左腕を砕き、残りの勢いがガーフィールの首に迫る。そのままガーフィールを叩き潰して、全身を余さず肉片に変えるのに威力は十分だった。

その瞬間、闘神は何を思うのか。命を散らす戦士に慈悲を、憐れみを感じたか。

断じて、否。息の根を止めるその瞬間まで、戦士が戦士を憐れむ道理などない。

 

故に、

不意に、眼前で血の花が咲いた。ガーフィールの出血、ではない。

クルガンの右腕、最後の鬼包丁を握った腕から、大量の鮮血が弾け、散っていた。

その腕には、一つ前の激突でガーフィールの与えた傷があった。手首から肘まで、骨が見えるほど引き裂かれた裂傷、その傷が今の一撃で完全に開く。

 

クルガンの顔に驚きはない。痛みに怯む素振りも見せない。

当然だ。彼は死体なのだ。痛覚は生者のために用意された、命の危険を知らせるための生命線であり、死者にその機能は必要ない。

だから、クルガンは不完全な右腕の影響を見逃した。

 

先程からクルガンの体の再生は止まっている。きっとあの手錠かナイフの効果だろう。

 

真に万全を期すのであれば、最後の一撃は健在な左腕こそを使うべきだったのだ。

それが勝敗を分けた、などと断ずることはできないが。

 

「———あ」

 

ガーフィールは血塗れの顔で息を吐いた。

両腕がひしゃげ、血を吐くような絶叫に喉も潰れた。正面、八本の腕を全て振り切った姿勢のクルガン。何がある。何ができる。腕は動かず、思考も爆ぜて。

腕も、爪も使えない。

 

ならば、残されているのはあの時と同じだ。

 

「あ、あぁ、があぁアアアァーッ!!」

 

 

大口を開け、棒立ちの闘神の首へと喰らいついた。

固く、分厚い肌を牙が貫通し、生命維持に必要な重要器官を根こそぎ噛み千切る。喰らいついたまま身を捩り、牙で筋肉を巻き込み、獣の顎が首の半分を摂り取った。

 

「が、あっ」

 

無防備に床の上で弾んで、ガーフィールは喰い千切った肉を吐き出した。えずきながら振り返り、その首から大量の血を流すクルガンの後ろ姿を見る。

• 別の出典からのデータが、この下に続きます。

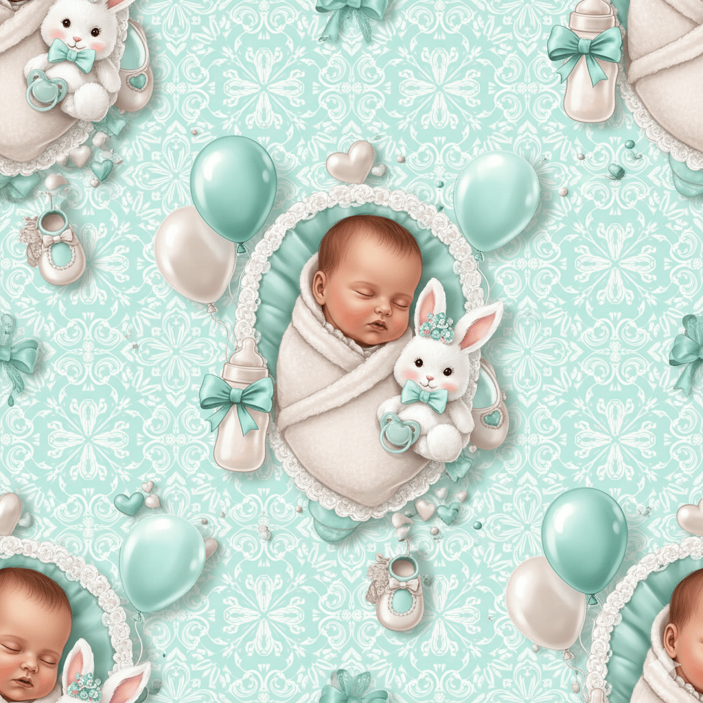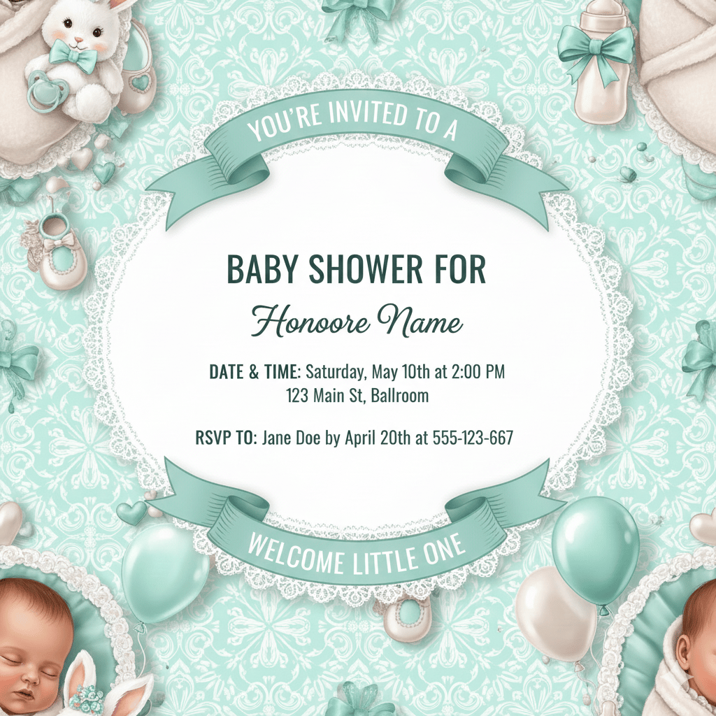 Designed around a classic mint baby shower theme, this generator guides you in creating invitations featuring sleeping newborns, bunny plushies, lace frames, pastel balloons, baby bottles, and elegant ribbon banners. Perfect for baby boy, girl, or gender-neutral celebrations.

両腕を潰され、牙が何本も欠けて、大量出血に半死半生となったガーフィール。

 

その首に致命傷を受け、堂々と仁王立ちするクルガンの勇壮さよ。それは身震いするほどに気高く強い、英雄英傑の在り方だった。

 

 

そしてクルガンの瞳が黒と金から元に戻る。そこには理性が、感情が、魂のようなものの輝きがあった。

 

地べたに横倒しになり、自分を見上げる戦士を前にして闘神は静かに最後の動作を行う。

 

「———見事」

 

そう言って一つの手が自身の胸に手を突き入れて、何かを取り出す。

 

 

それを残った掌を合わせて潰す。

 

パン!!

 

という喝采にも思える音が響く。

 

「あ…・・・・・」

 

何か、応じる暇もない。

 

目を見開いたガーフィールの前で、クルガンの体は一瞬で崩れ落ちた。

巨躯は砂のように崩壊し、異形の英雄は灰の塊へと変ずる。それはあまりに呆気ない終幕、死者を再び死者へ。そんな、無慈悲な終幕そのものだった。

 

 

八つ腕の喝采は、非常に短く静かなものだった。